You know what game has really strong unique item design?

Plants vs Zombies. The first one. The mobile game.

Is it difficult to acquire the unique items? Not at all! They're automatically given to you at the end of each quest completed. No RNG to it at all.

Despite this, is acquiring new unique items exciting? Yeah.

Do they all do rather different things? Yes, very much so.

Do they enable various builds with different weaknesses and advantages? Yeah. They do have this semi-p2w "more gear slots" feature so getting that undermines that pretty severely (why play one build when you can play two or three simultaneously?) but if you don't buy more slots there's a heck of a lot of meaningful choice.
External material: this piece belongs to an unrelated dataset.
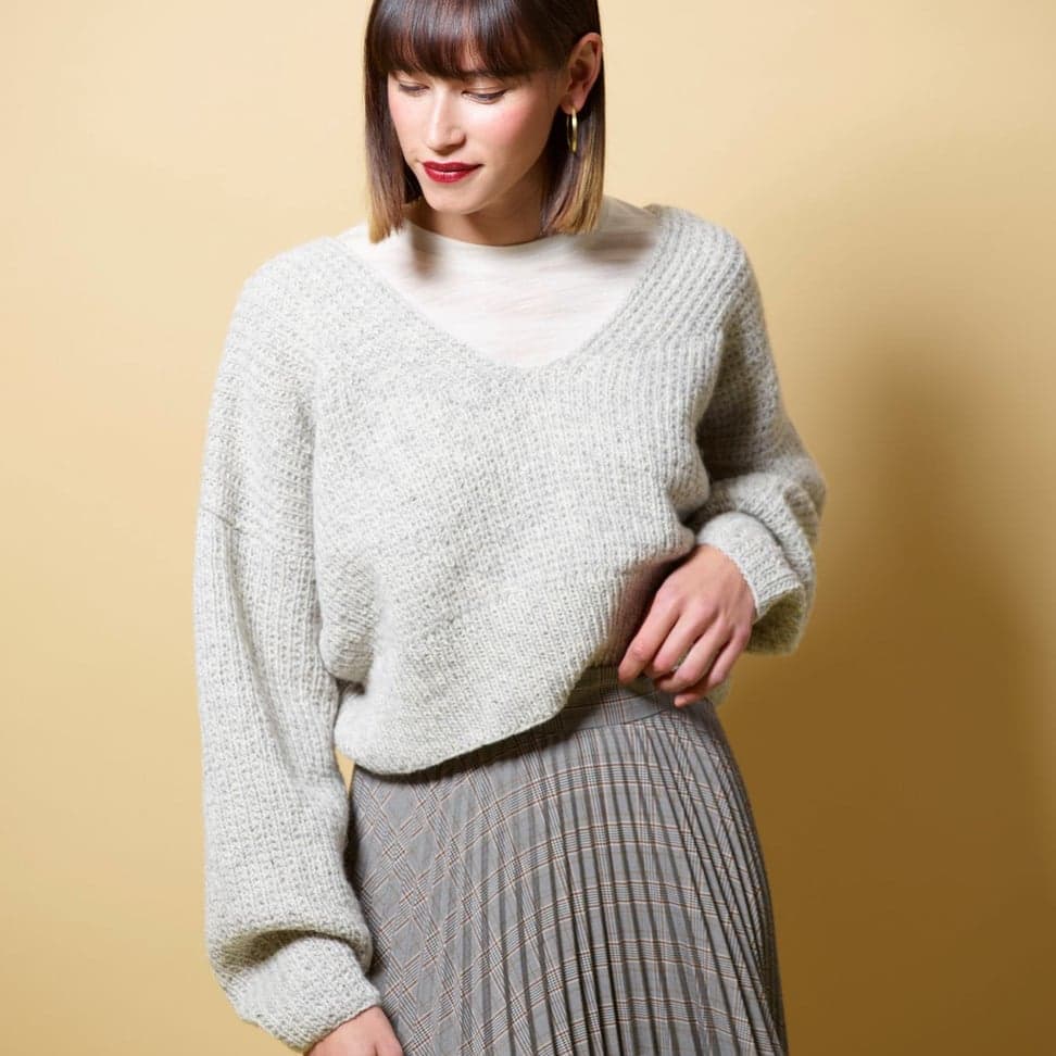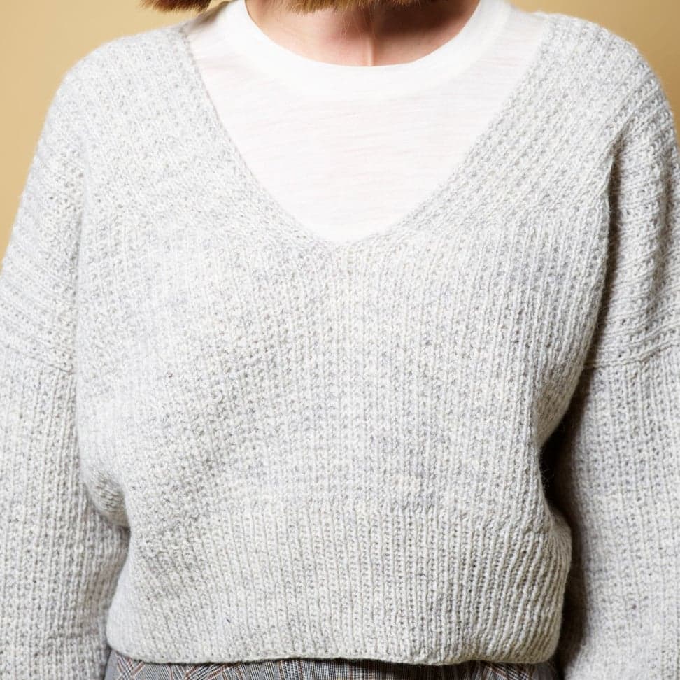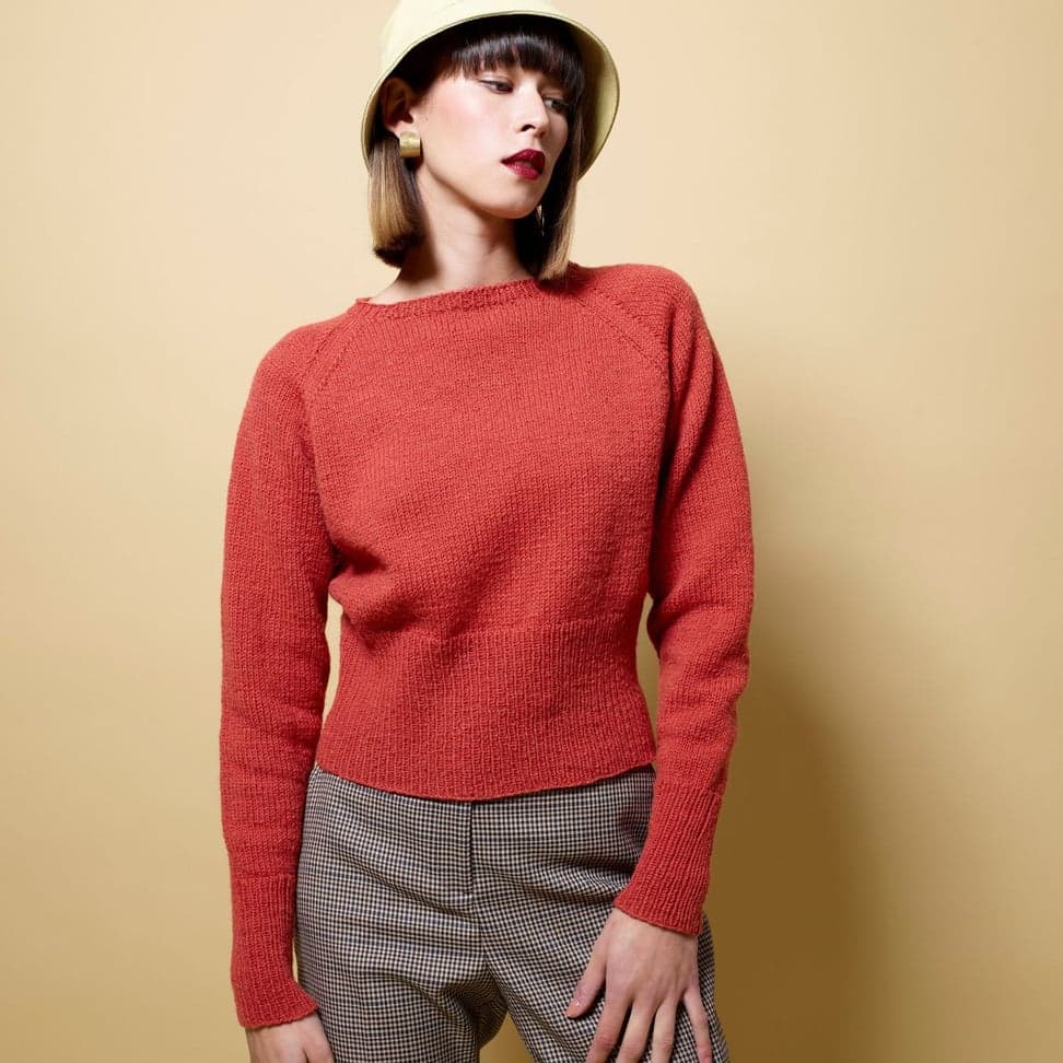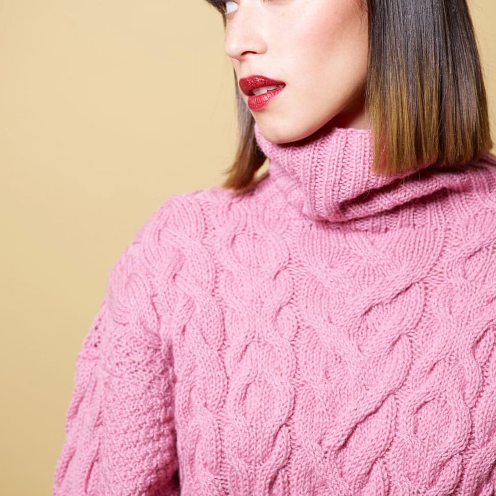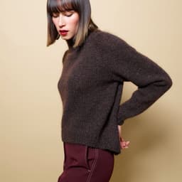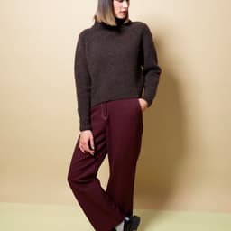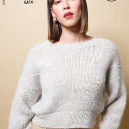 Siragenser er en tjukk genser, med høy hals og ekstra lengde bak. Den er strikket ovenfra og ned med dobbel tråd: én tråd 3-tråds Strikkegarn og én tråd Plum.

Are some builds better against different content than others? Sure.

Do you get free respecs? Absolutely, one after each quest. That way you can easily incorporate the new item into a new build, or keep plugging away with your old one.

Does item progression stop once you get all the unique items? Yes, because there's no way to string that on forever. But thankfully, right around that point, the game itself ends, so you don't need to worry about it - you're done.

Is the game casual as fuck? Yep.

Plants vs Zombies: a game that actually understand unique items and implements them properly.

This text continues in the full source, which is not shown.